Cordilleran Section - 121st Annual Meeting - 2025

Paper No. 30-6
Presentation Time: 10:05 AM

TIME-DEPENDENT EARTHQUAKE HAZARD CONSTRAINTS FROM A CALIFORNIA-WIDE PALEOSEISMIC DATABASE


OSKIN, Michael, Department of Geology, University of California, One Shields Avenue, Davis, CA 95616, USHER, Evelyn, Department of Earth and Planetary Science, UC Davis, One Shields Avenue, Davis, CA 95616 and SCHARER, Katherine, USGS, Earthquake Science Center, Pasadena, CA 91106

Time-dependent seismic source hazard-models endeavor to predict earthquake likelihood from elapsed time since a prior event. We compile 34 Oxcal-calibrated paleoseismic event records from across California to analyze the regularity of earthquake inter-event times.
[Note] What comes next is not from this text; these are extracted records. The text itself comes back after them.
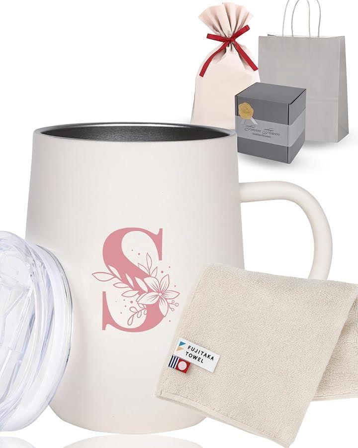 「商品内容」今治認定ハンカチ (サイズ:25x25cm 素材:綿100%) ・取っ手付きステンレスマグカップ (内容量:350ml サイズ:直径 8.8x高さ11cm 素材:本体 304SUS 蓋 AS樹脂/シリコーンゴム) ・専用パッケージ(掛け紙付き) ・専用ラッピングセット *食洗機・電子レンジ使用不可
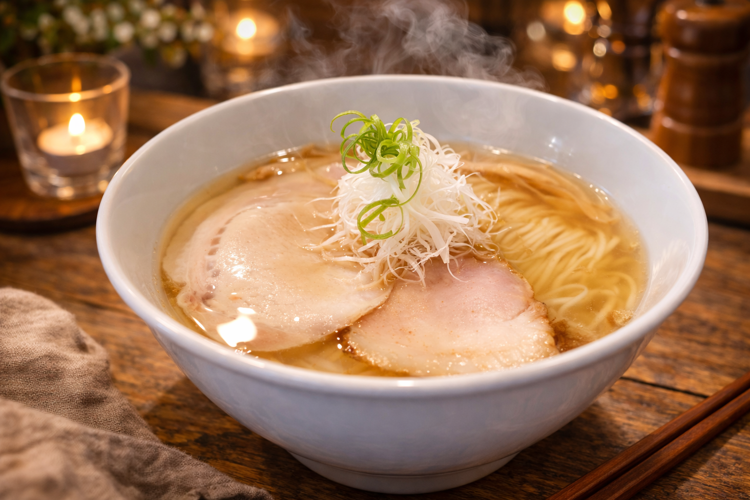 次に加わるのが**調味ダレ(かえし)**である。醤油ダレや塩ダレを使って塩分と旨味のバランスを整え、スープの味の輪郭を作る。鶏白湯スープは旨味が強いため、タレは過度に強くせず、鶏の風味を引き立てる設計にすることが多い。
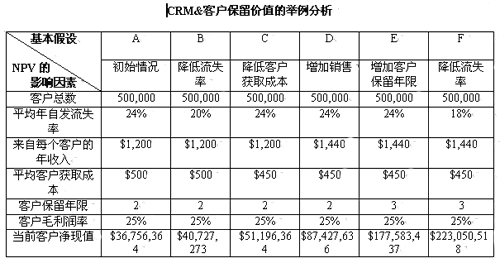 下表列出決定基本NPV的六個基本假設。其他方法也可計算出NPV,但這是CRM中最易使用的方法。使用該方法,不懂財務的經理也能很容易看出CRM的影響,并能夠做出改變客戶營銷投入的決策。
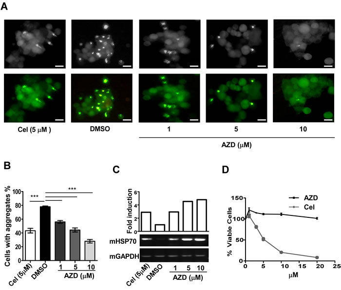 Figure 2: AZD reduces protein aggregation and associated toxicity in the cell. A. Effect on ataxin130Q-GFP aggregation by AZD, or celastrol, (Cel) or DMSO as indicated in Neuro-2a cells. Scale bar 10 µm. B. The aggregates were counted and plotted after 48 h treatment, 450 cells were counted for each treatment, ***p < 0.001. C. Ethidium bromide stained agarose gel showing relative levels of HSP70 (mHSP70) transcripts isolated from cells subjected to identical treatments in duplicate as represented in panel (A) estimated by semiquantitative RT-PCR assays. D. Comparison of sensitivity of Neuro-2a cells to AZD or celastrol after 24 h treatment estimated by MTT assay. Data are mean±SEM, n ≥ 3
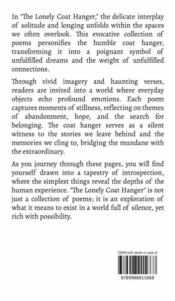 In "The Lonely Coat Hanger," the delicate interplay of solitude and longing unfolds within the spaces we often overlook. This evocative collection of poems personifies the humble coat hanger, transforming it into a poignant symbol of unfulfilled dreams and the weight of unfulfilled connections. Through vivid imagery and haunting verses, readers are invited into a world where everyday objects echo profound emotions. Each poem captures moments of stillness, reflecting on themes of abandonment, hope, and the search for belonging. The coat hanger serves as a silent witness to the stories we leave behind and the memories we cling to, bridging the mundane with the extraordinary. As you journey through these pages, you will find yourself drawn into a tapestry of introspection, where the simplest things reveal the depths of the human experience. "The Lonely Coat Hanger" is not just a collection of poems; it is an exploration of what it means to exist in a world full of silence, yet rich with possibility.
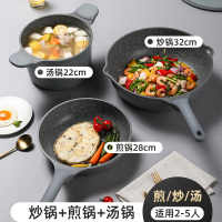 星空灰三件套[适用2-5人][煎/炒/汤] 炊大皇锅具套装麦饭石不粘锅四件套组合家用炒锅电磁炉燃气通用
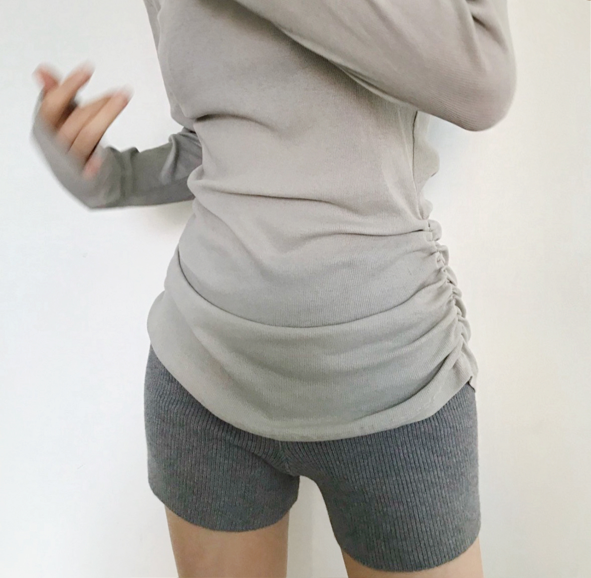 [다빈추천♥] 슬림핏 셔링 롱 슬리브 탑 ( 2 color )

Inter-event times distributions from long paleoseismic records (n≥10 events) are well fit by the Weibull distribution, indicating that the likelihood of earthquake rupture at a paleoseismic site increases as a power-law of time since the previous event. The exponent of this power-law hazard function is typically one or less, suggesting that hazard rises rapidly immediately after the prior event, contrary to the expectation from an elastic rebound-type process. By aggregating ratios of inter-event times from shorter paleoseismic records from across California, we show that hazard exponents are generally less than one. This finding shows that irregular patterns of earthquake rupture extent and timing are the norm, which should be factored into time-dependent earthquake forecasts.